## DATA PROVIDED:
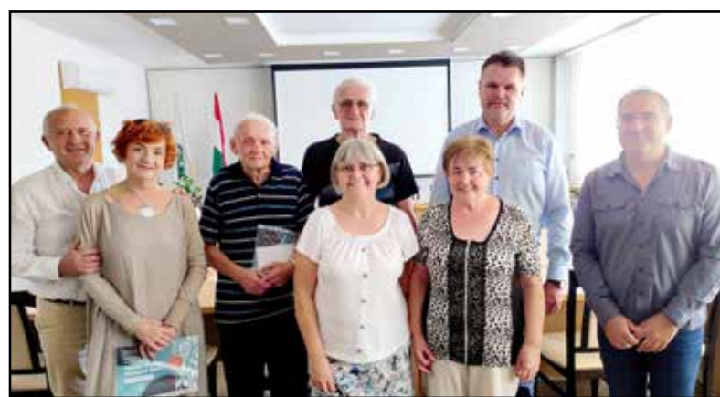
A polgármesteri hivatalban adták át a nyereményeket

A program lezárására szeptember 26-án, a polgármesteri hivatal dísztermében került sor, ahol a családi ház, társasház, lakásszövetkezet és sorház kategóriában a nyertesek:
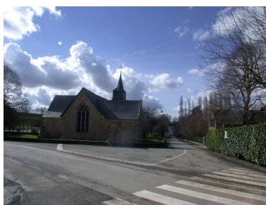
Vue Est, chevet IVR53_20063506996NUC

## PROBLEM DETAILS:
Without copying any picture, repeat the full listing above word for word.

## RESULT FOR THIS TASK:
A polgármesteri hivatalban adták át a nyereményeket

A program lezárására szeptember 26-án, a polgármesteri hivatal dísztermében került sor, ahol a családi ház, társasház, lakásszövetkezet és sorház kategóriában a nyertesek:
Vue Est, chevet IVR53_20063506996NUC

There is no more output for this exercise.